Here's What You Need to Know About the Second Republican Debate

0916_Republican_debate_02
Ten Republican presidential candidates stand on stage at the first official GOP debate of the 2016 election season in Cleveland, Ohio, on August 6. Brian Snyder/Reuters

Media commentators have deemed it the "gloves-off" debate, with a focus on foreign policy.

Eleven Republican candidates will take the stage for the second presidential debate of the election cycle at the Ronald Reagan Presidential Library in Simi Valley, California, on Wednesday at 8 p.m. ET. Host CNN hopes the candidates interact more than they did when they first met on stage last month.

Donald Trump, who has consistently led the polls since he declared his run for the presidency in June, will take center stage, surrounded by the other candidates who will be positioned in a V-shape, with the most popular contenders closest to the middle. The candidates for the main debate are retired neurosurgeon Ben Carson, former Florida Governor Jeb Bush, Wisconsin Governor Scott Walker, Texas Senator Ted Cruz, Florida Senator Marco Rubio, former Arkansas Governor Mike Huckabee, Kentucky Senator Rand Paul, Ohio Governor John Kasich, New Jersey Governor Chris Christie and former Hewlett-Packard CEO Carly Fiorina.

As of Tuesday, Carson, who once performed the first successful surgery to separate conjoined twins, gained notable support and inched toward Trump's lead, 23 percent to 27 percent, in a new CBS News/New York Times poll. Bush, Huckabee and Rubio tied for third place with 6 percent.
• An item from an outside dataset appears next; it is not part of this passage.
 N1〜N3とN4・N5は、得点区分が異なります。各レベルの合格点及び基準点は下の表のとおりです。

Support for Bush and Walker dropped into single digits in the recent poll, 6 and 2 percent, respectively.

Fiorina joins the 10 candidates, who all competed in the first debate hosted by Fox News on August 6 in Cleveland. CNN changed its rules to include any candidate who polled in the top 10 between August 7 and September 10. The new rules favored Fiorina, who polled poorly in July and early August but gained support after her strong performance in the August's undercard debate. She was grouped with other lower-polling contenders. Support for the only woman Republican contender has risen, but remains in single digits.

Eyes will be focused on Trump, who is expected to have a showdown with Fiorina. Earlier this month, the real estate billionaire criticized her looks, saying, "Look at that face! Would anybody vote for that?"
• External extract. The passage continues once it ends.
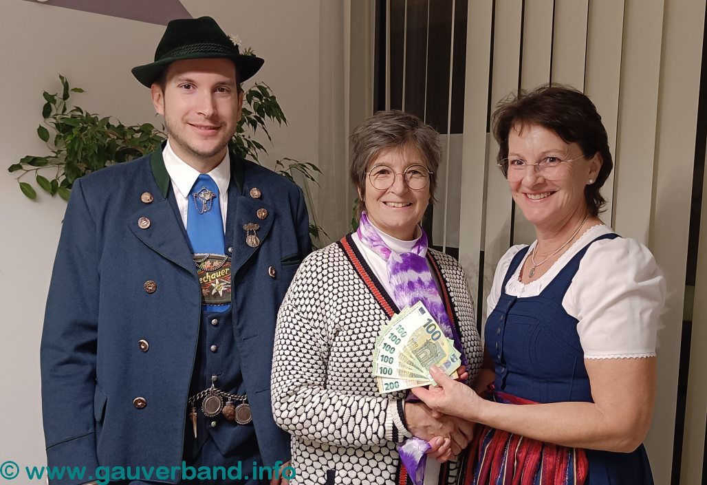 Mit großer Freude konnten Volksmusikwartin Gabriele Straßner und deren Sohn Daniel in diesem Jahr 700 € an Frau Dr. Sigrid Pforr, Vorsitzende des Hospizverein Christrose übergeben.

He later shot back that he meant her "persona," not face. But Trump also has insulted Carson, Fox host Megyn Kelly and Mexican immigrants, whom he called rapists and criminals.
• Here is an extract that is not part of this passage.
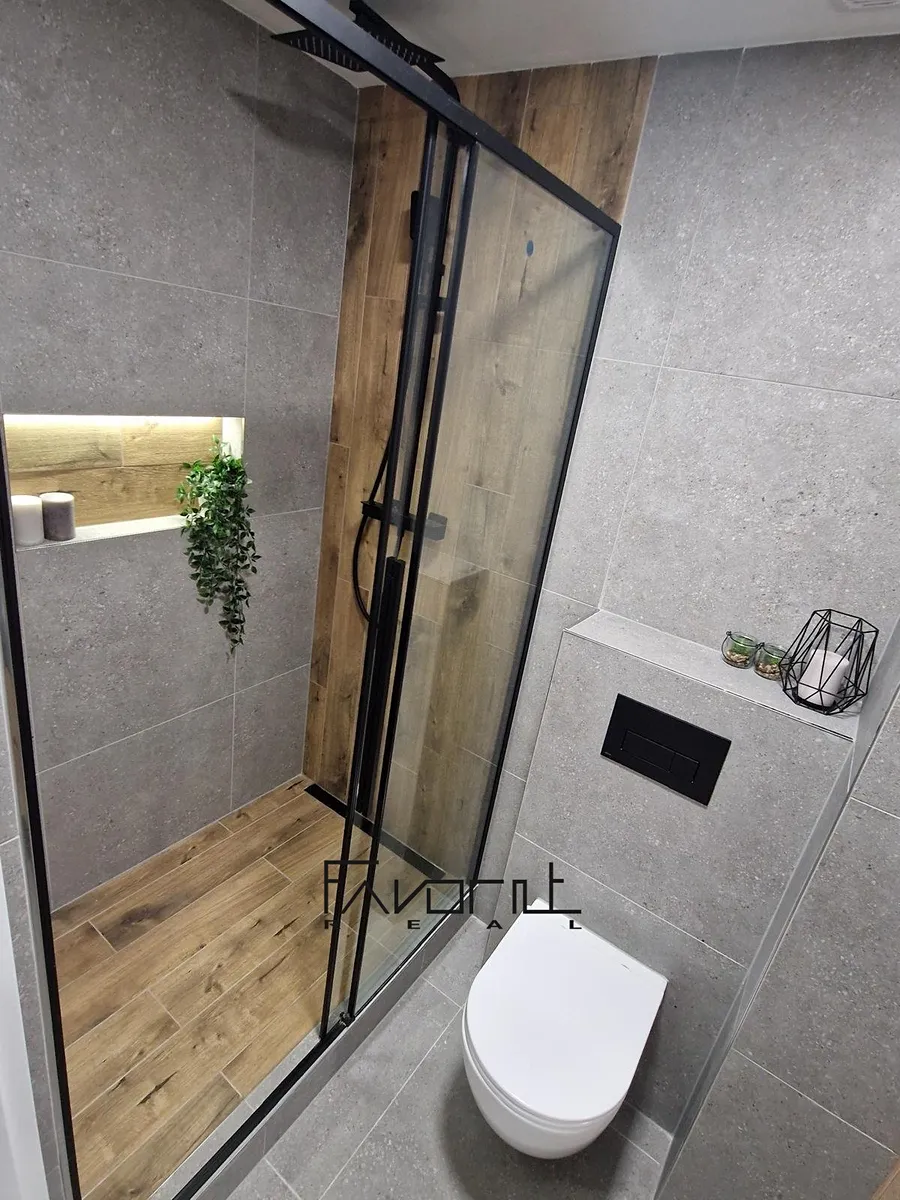 Nivelace podlah před položením plovoucí podlahy (srovnání). Na podlahách jsou zátěžové plovoucí podlahy. Nové interiérové a vstupní dveře včetně obložek, vypínače a zásuvky. Nové kvalitní omítky.

But some of the GOP hopefuls have criticized their main challenger. Carson, a devout Seventh-day Adventist, has questioned Trump's Presbyterian faith. Bush, the politician who many expected to be a front-runner, said Trump can't insult his way to the presidency. And Louisiana Governor Bobby Jindal slammed Trump's appearance, saying he "looks like he's got a squirrel sitting on his head." Meanwhile, Cruz has praised Trump in what seems like an effort to gain some of his fans.

"Whatever," Trump told his supporters at an event in Dallas on Monday, in response to the criticisms leveled at him by his GOP rivals.

The American public also expects some fireworks between Christie and Paul, after they clashed at the first debate over the National Security Agency's spying program that logged the phone calls by tens of millions of Americans. "I want to collect more records from terrorists, but less records from innocent Americans," Paul said in August. "That's a completely ridiculous answer," Christie interrupted.

The four remaining lower-polling candidates were cut out of the main event on Wednesday. Jindal, former Pennsylvania Senator Rick Santorum, former New York Governor George Pataki and South Carolina Senator Lindsey Graham will participate in an earlier televised debate starting at 6 p.m. ET.

Former Texas Governor Rick Perry, who dropped out of the race last week, and former Virginia Governor Jim Gilmore, who did not meet CNN's requirement of earning at least 1 percent support in three polls, will not be present on stage.

About 800 reporters have received media credentials for access to the debate, which is about half the number of reporters covering statehouses across the U.S., according to recent data from the Pew Research Center.

CNN's Jake Tapper, Dana Bash and Hugh Hewitt will moderate the live event.